→ **What is needed**: Restate word for word only the lines running from the one with "Delikatnie oversiz’owa bluza" to the end of the data, both ends included. Omit any pictures.

** Opening Data to process block **

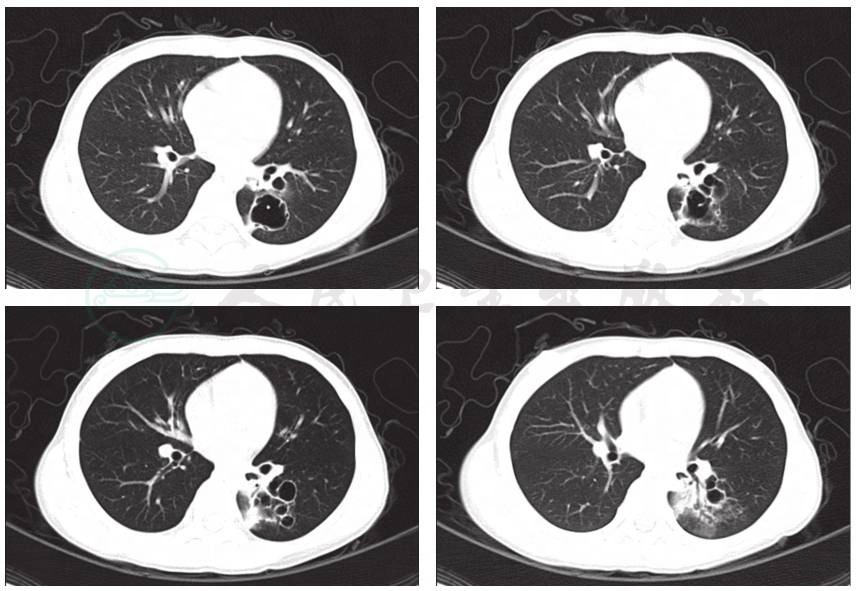 入院后立即予心电、血氧监护,完善相关检查。血常规:白细胞17.2×109/L;中性粒细胞70.8%;血小板496×109/L;红细胞4.6×109/L;血红蛋白132g/L;CRP 45.9mg/L;降钙素原0.15ng/ml。病原学检测:肺炎支原体抗体(MPAb)1:1280,肺炎支原体抗体-IgM阳性、鼻咽拭子肺炎支原体DNA测定阳性,肺炎衣原体抗体-IgM、结核抗体(TBAb)、常见呼吸道、肠道病毒及肝炎病毒检测均阴性,血细菌培养未见细菌生长,结核菌素试验阴性。胸部CT(图2):双肺散在炎症,左肺下叶多发薄壁空洞形成。白细胞升高明显,以中性粒细胞增高为主,CRP亦增高,肺炎支原体阳性,予盐酸头孢吡肟联合乳糖阿奇霉素静脉滴注5天抗感染。
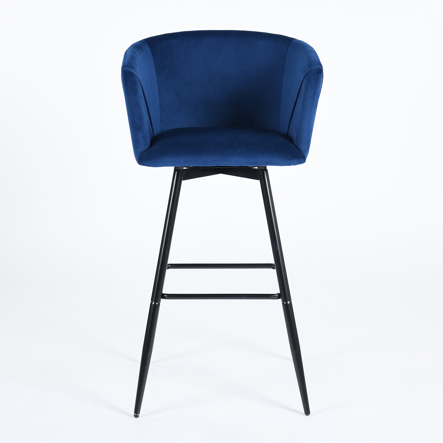 - Set of 2 Modern Curved Back Pale Pink Rose Velvet and Black Bar Chairs
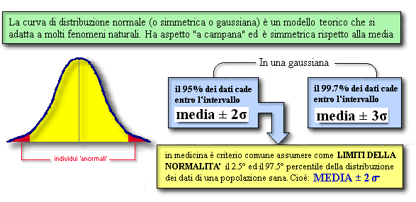 Questo modello è particolarmente utile, in quanto possiamo impiegarlo conoscendo soltanto la media e la deviazione standard. Infatti, in una gaussiana il 95% dei dati cade nell'intervallo media ± 2 volte la deviazione standard.
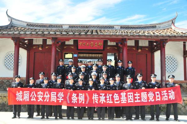 本报讯 近日,城厢公安分局组织机关基层24个支部的支委代表和2018年新发展党员,走进仙游县游洋镇中共上宫党支部旧址,开展学《条例》传承红色基因主题党日活动,深切缅怀闽中游击区革命先辈的丰功伟绩,接受革命传统教育。(陈宏)
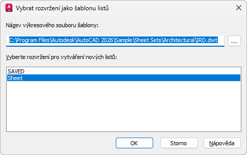 Určuje cestu ke složce, soubor šablony výkresu (DWT) a název rozvržení, jehož pomocí jsou vytvořeny nové listy.
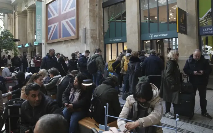 Hành khách chờ tàu Eurostar đến London và tất cả các chuyến tàu hướng đến miền bắc nước Pháp đã dừng lại sau khi phát hiện ra một quả bom chưa nổ có từ Thế chiến II gần đường ray, ngày 7/3/2025. (Ảnh: AP)
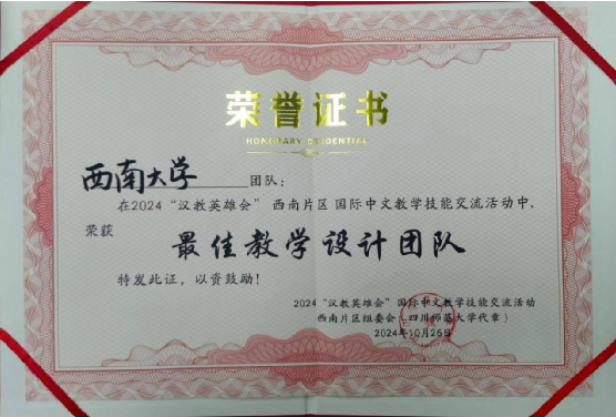 2024年10月26日,由教育部中外语言合作交流中心与全国汉语国际教育专业学位研究生教育指导委员会联合主办的2024年“汉教英雄会”西南片区国际中文教学技能线下交流活动在四川师范大学圆满落幕。在此次激烈的角逐中,188改名为taptap点点教师团队凭借卓越的教学设计和出色的现场表现,从来自西南各省的21支参赛队伍中脱颖而出,荣获“最佳教学设计团队”称号,并成功晋级全国总交流团队名单。
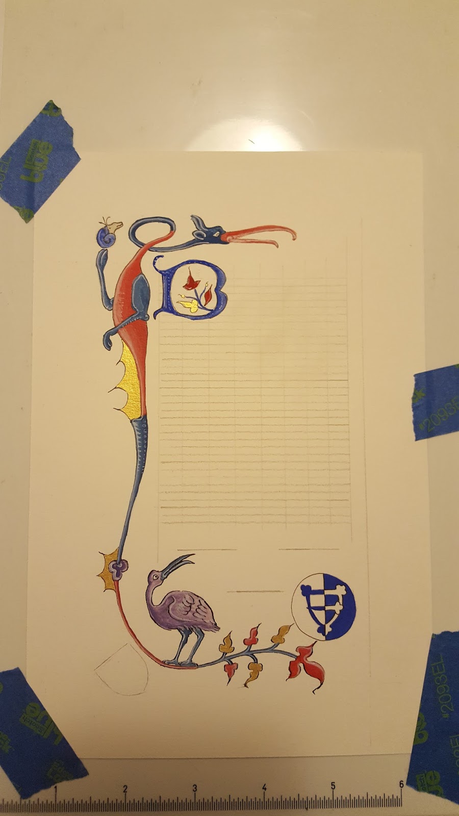 I was asked by the talented crew putting together the vigil book for Kennimathor Geirrson to help with the illuminations.  Ken (like Matthias) is of the knightly lineage of Earl Seannan an Chasur so this post has a few familiar heraldic beasties.
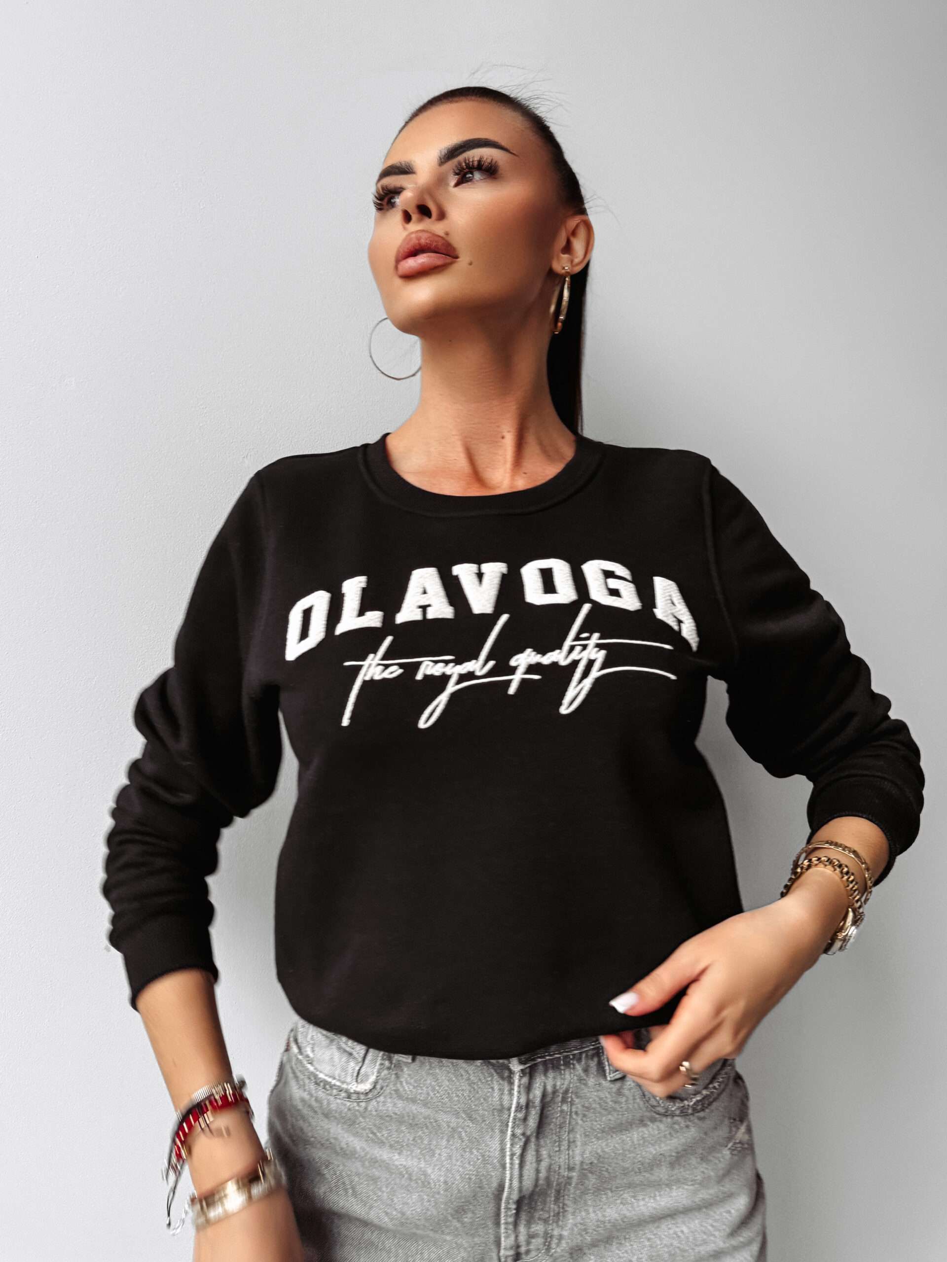 Delikatnie oversiz’owa bluza o krótszym kroju. Wykonana z wysokiej jakości bawełnianego materiału. Na brzegach prążkowane ściągacze. Na przodzie logo marki OLAVOGA oraz minimalistyczny napis w ciekawej grafice THE ROYAL QUALITY.
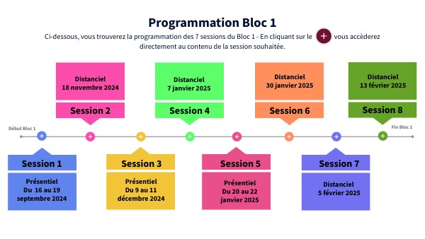 Ci-dessous, vous trouverez la programmation des 7 sessions du Bloc 1 - En cliquant sur le vous accèderez directement au contenu de la session souhaitée.
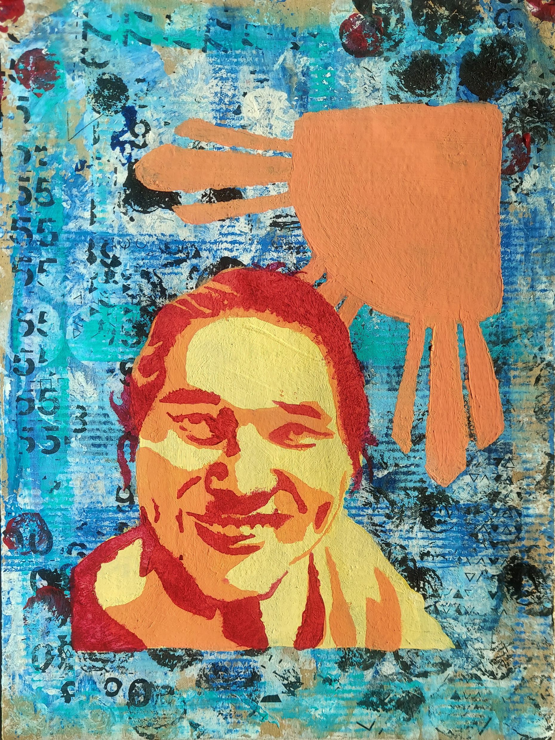 “Lola” is a mixed media print based on a photograph I took of my Lola. This piece captures her joyous smile and bright personality.

** Closing Data to process block **

→ **Solved exercise**:
 Delikatnie oversiz’owa bluza o krótszym kroju. Wykonana z wysokiej jakości bawełnianego materiału. Na brzegach prążkowane ściągacze. Na przodzie logo marki OLAVOGA oraz minimalistyczny napis w ciekawej grafice THE ROYAL QUALITY.
 Ci-dessous, vous trouverez la programmation des 7 sessions du Bloc 1 - En cliquant sur le vous accèderez directement au contenu de la session souhaitée.
 “Lola” is a mixed media print based on a photograph I took of my Lola. This piece captures her joyous smile and bright personality.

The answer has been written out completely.